Rogers: City of Aspen joining the ranks of evil landlords?
One of the biggest dilemmas of today’s Aspen lay like a turd on the sidewalk outside the Wheeler Opera House.
And the Aspen City Council stepped right in it. No one has yet noticed the stink, busy as they’ve been hollering over how hard it is anymore to keep humble local businesses in the downtown core and what that has done to the city’s very soul.
Et tu, Council? Can May have an Ides?
The same crisis exists for merchants as residents, of course. The value of real estate has only rocketed, and the ripples look more like tsunamis in the ruins of half-done construction and the dislocation of small businesses that can no longer afford their rent increases.
Landlords no doubt face their issues, too, especially if they bought their commercial properties during the latest boom. The tragedy, frankly, is the longer-term landlords whose problem is more about maximizing opportunity than existential. Tragedy for the town itself, I mean.
Market forces are what they are, though not the only consideration for the wise. The tipping point, then, becomes moral worth. Where do the imperatives of supply and demand balance against longer-term calculations about community appeal, if not the community for its own sake? This is where the golden goose philosophy applies.
Is Aspen going to be all about bidness or make room for higher values? Will the next wave of real leaders here turn more cynical or look more to Aspen’s aspirational legacies?
Who are these real leaders, anyway? The answer is more complicated than we like to think.
In the moment, it’s those with money. Wealth means power in our civilization, although the great weakness among the rich is the fear of losing it. Greed largely is miscast.

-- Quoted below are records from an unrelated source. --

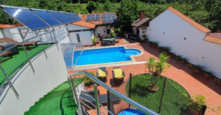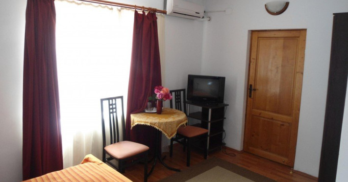 CAMERA DE FAMILIE Camera de familie este o camera cu arhitectura speciala, cu o suprafata generoasa de 24 mp pe parter si cu o supanta la etaj de circa 10 mp. Legatura intre parter si supanta de la etaj se face printr-o scara interioara din lemn. Pridvorul comun din fata camerelor, mobilat cu mobilier de gradina, este generos si cu deschidere spre gradina de flori a pensiunii. In camera de la parter este dispus un pat matrimonial extra large (180x200xm) cu noptiere, o canapea extensibila (140x200cm), masuta cafea, fotoliu extensibil. Dulapul pntru haine este amplasat in holul de legatura cu grupul sanitar. Camera este adaptata pentru a primi persoane cu dizabilitati. In supanta sunt amplasate 2 paturi de cate o persoana, cu noptiere, cu dimensiunile (90x200cm). Numarul maxim de persoane care se pot caza intr-o astfel de camera, este de 3 adulti si 1 copil cu varsta pana la 14 ani, sau de 2 adulti si doi/trei copii
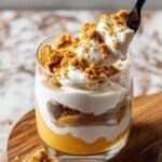 - Layer the Trifle: Using two small glasses or glass dishes, begin layering the dessert by first adding a layer of crushed gluten-free graham crackers. Next, add a layer of the pumpkin cheesecake mixture, followed by a layer of coconut whipped cream. Repeat these layers until the glasses are nearly full.
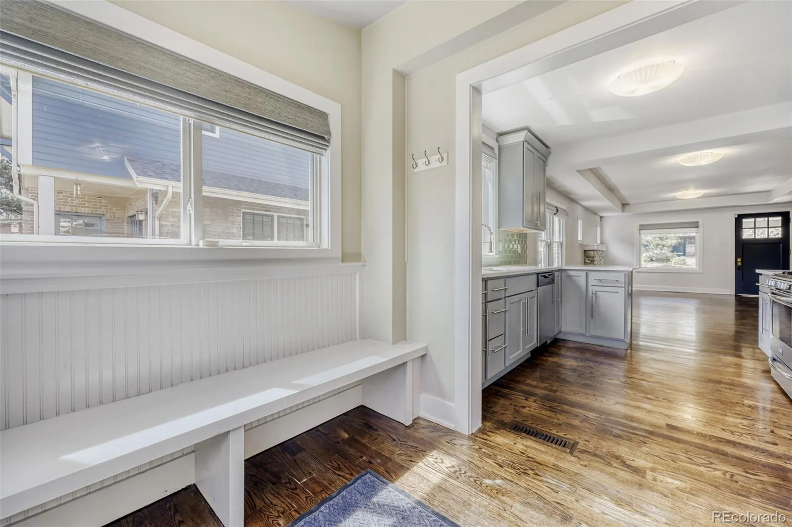 The kitchen stands out with updated cabinetry, sleek countertops, stainless steel appliances, and a stylish tile backsplash, offering both functionality and design. Custom mudroom-style back entry with built-in bench seating adds everyday convenience and charm, enhancing both form and function.
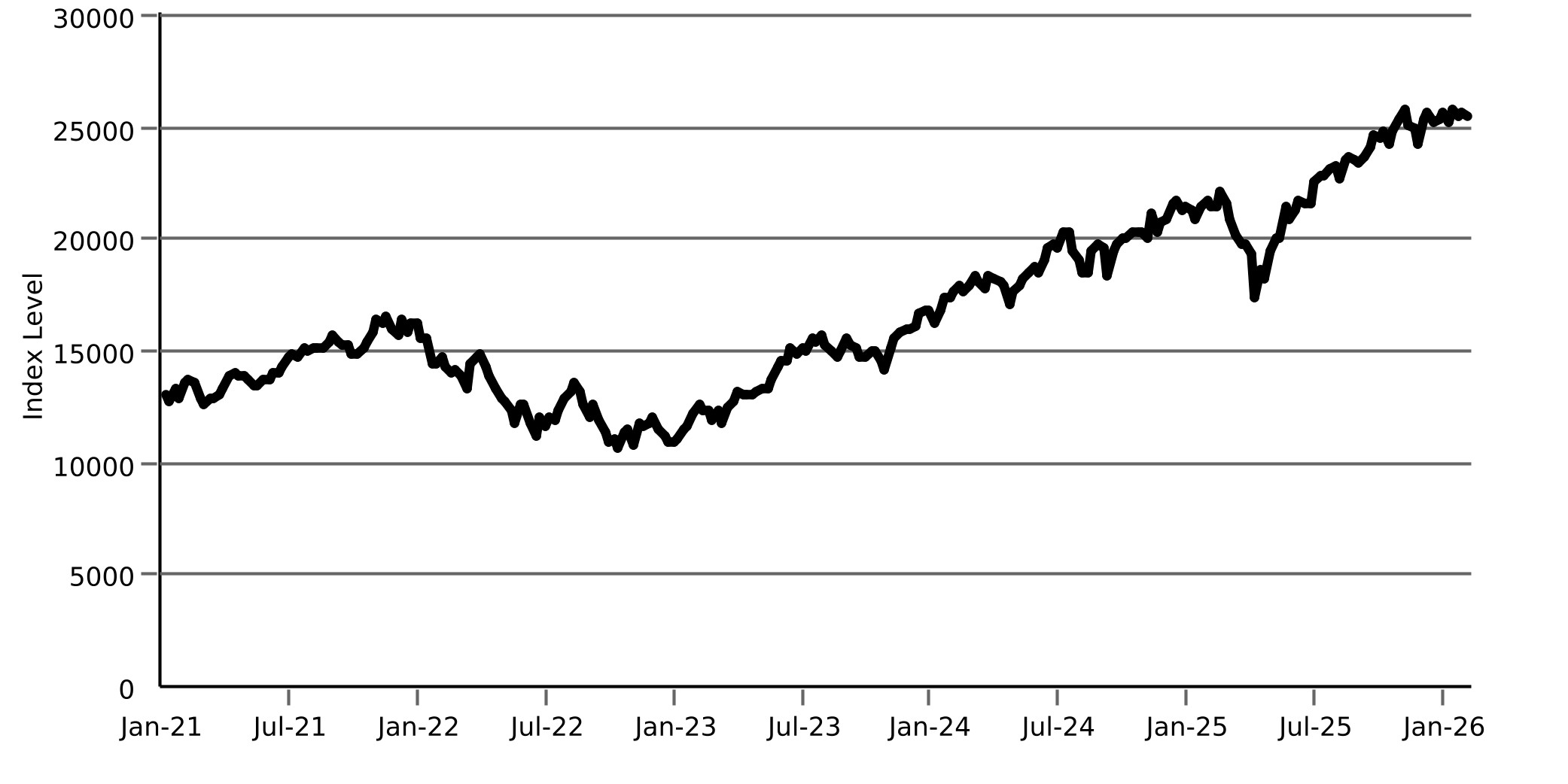 The following graphs set forth the historical performance of each Index based on the weekly historical closing levels from January 8, 2021 through January 30, 2026. The closing level of the Nasdaq-100 Index® on February 5, 2026 was 24,548.69. The closing level of the Russell 2000® Index on February 5, 2026 was 2,577.646. The closing level of the S&P 500® Index on February 5, 2026 was 6,798.40. We obtained the closing levels above and below from the Bloomberg Professional® service (“Bloomberg”), without independent verification.

It’s more mental illness than evil.
In the slightly longer term, real leaders also are the people we vote into office. This is a nation of rules, lots of rules, more in some places than others. And America, for all the hand-wringing, remains just about the least corrupted on the planet. City councils and county commissions have real power, too. Who gets elected matters a lot to a municipality’s future.
But the true cornerstone of real power, you guessed it, lies with the citizens and here, the second-home owners and visitors as well. The voters and the consumers, at root. Our collective habits determine what happens with Aspen. Time wise, we’re talking decades, generations of slow, inexorable sculpting of the town we experience today. Against that, what happens in the moment, say, often seems to make little difference.
Like stepping on turds and no one noticing until later, wondering where that smell in the house came from.
What does this have to do with the Wheeler, a triumph of municipal leadership? Only Mia Valley, it might appear.
Valley grew up in Aspen. She’s had her art gallery for 24 years, and in 497 square feet at the Wheeler for nearly 17 of those years. She’s paid her rent to the owner on time every time, and been a widely acknowledged model tenant. Her lease comes up in November. If she doesn’t get the next 10-year lease, odds are she won’t be able to afford the rent and stay in business.
Her landlord is toying with other ideas, however. Maybe something like fast food with a current paucity of such places. Maybe a different mix of retail there. Maybe a rent increase, presumably. That’s how landlords talk when they aim to raise rates. This, after all, is how a city is run like a business.
It is a dilemma. The city wants to help longtime businesses, and the city wants to help lower the cost of dining out. In this case, the city is both property owner and municipal entity — two of the three legs of the real leader triangle.
One decision kicks out the longtime business, and the other makes grabbing a bite to eat at a bargain maybe a little harder to find.
That’s not really so much of a dilemma, though, is it? Moral wisdom dictates a clear enough course away from the purely commercial. The next lease should be a consent item passed, ahem, unanimously without need of further discussion.
There isn’t a real debate here, only a turd easily stepped around.